The Centre for Climate Change and Food Security (CCCFS) has sounded the alarm following the early spillage of the Bagre Dam in Burkina Faso, describing the situation as a “grave concern” and calling for urgent reforms to prevent another round of devastating floods in the Northern regions.
In a statement issued by CCCFS on August 26, the Burkinabè utility company SONABEL began releasing water from the Bagre Dam on 25 August 2025 two days ahead of schedule as the reservoir approached critical levels.
The dam currently stands at 234.27 metres, or 90.24% of its capacity, just 0.73 metres shy of its maximum retention limit. The nearby Kompienga Dam is also nearing its threshold, raising fears of compounded flooding in the coming days.
Ghana’s Water Resources Commission and the National Disaster Management Organisation (NADMO) have since advised communities along the White and Black Volta rivers to evacuate immediately to higher ground, as downstream flooding now appears imminent.
A Country Still Reeling
The CCCFS warns that the early release of Bagre comes at a time when Ghana has yet to fully recover from the catastrophic controlled spills from the Akosombo and Kpong dams in 2023.
That disaster displaced over 35,000 people across the Volta Region, crippling infrastructure and leaving many communities, such as Mepe, Battor, and Sogakope, submerged and dependent on relief aid.
Two years on, many survivors remain in temporary shelters and have yet to rebuild their lives.

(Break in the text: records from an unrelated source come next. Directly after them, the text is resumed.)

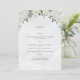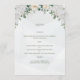 This Menu card has a soft, elegant style with a pastel colour palette dominated by shades of green and white.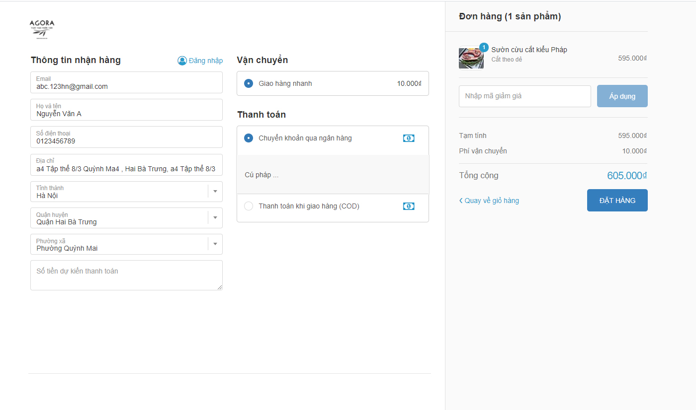 Bước 4: Điền các thông tin của bạn để nhận đơn hàng, lựa chọn hình thức thanh toán và vận chuyển cho đơn hàng của mình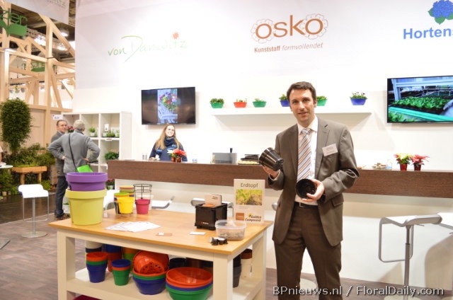 Krimpen, at the fair in particular presenting the ways in which the company is focussing on recyling plastic materials. And of course showing off new items in the product range, amongst which this new line of mat pots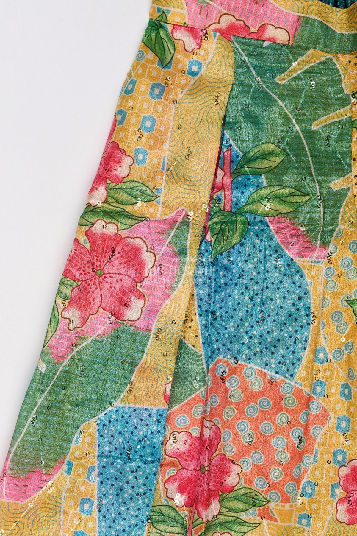 Let your little one shine in this vibrant choli plazo suit, crafted from soft Chinon silk digital print fabric. The floral-printed plazo pants feature a flared silhouette, ensuring comfort and style. The sleeveless choli top is intricately embellished with embroidery and mirror work, adding a touch of festive elegance. Paired with a matching sheer dupatta, this set is a perfect choice for weddings, traditional events, and festive celebrations. The breathable fabric ensures all-day comfort, while the stylish detailing makes it a standout ensemble.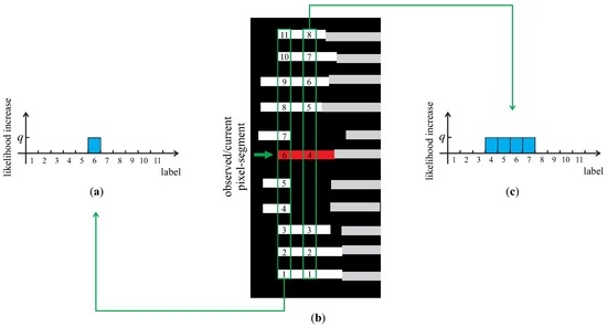 Assume that our goal is to compute the prior factor for the red pixel segment and that all other pixel segments in image I are shown in white and gray (Figure 7b). To compute the prior factor, we first scan over all x-coordinates of the red segment and for each x-coordinate search for (at most M) line fragments above and below the current x-position of the red segment. We then label the pixel segments found at the current x-coordinate consecutively from the bottom of the image up and increase the likelihood of the label assigned to the red-segment by some arbitrary constant q. If we are able to find M pixel segments at the given x-coordinate, only the likelihood of a single label is increased (shown by the graph in Figure 7a), whereas the likelihood of several labels is increased if fewer than M pixel segments were found (shown by the graph in Figure 7c). The procedure aggregates the likelihoods over all x-coordinates of the red pixel segment and in the final step normalizes the likelihoods to the unit norm over all light plane labels to produce the final prior factor for the corresponding random variable.

“To face another flood before the wounds of Akosombo and Kpong have healed is unconscionable,” said a spokesperson for CCCFS. “Ghana is being forced into an annual cycle of destruction that is neither sustainable nor acceptable.”
A Recurring Nightmare
Spillage from the Bagre Dam has become a near-annual catastrophe for northern Ghana. The consequences are far-reaching: homes destroyed, roads washed away, farmlands submerged, and thousands displaced.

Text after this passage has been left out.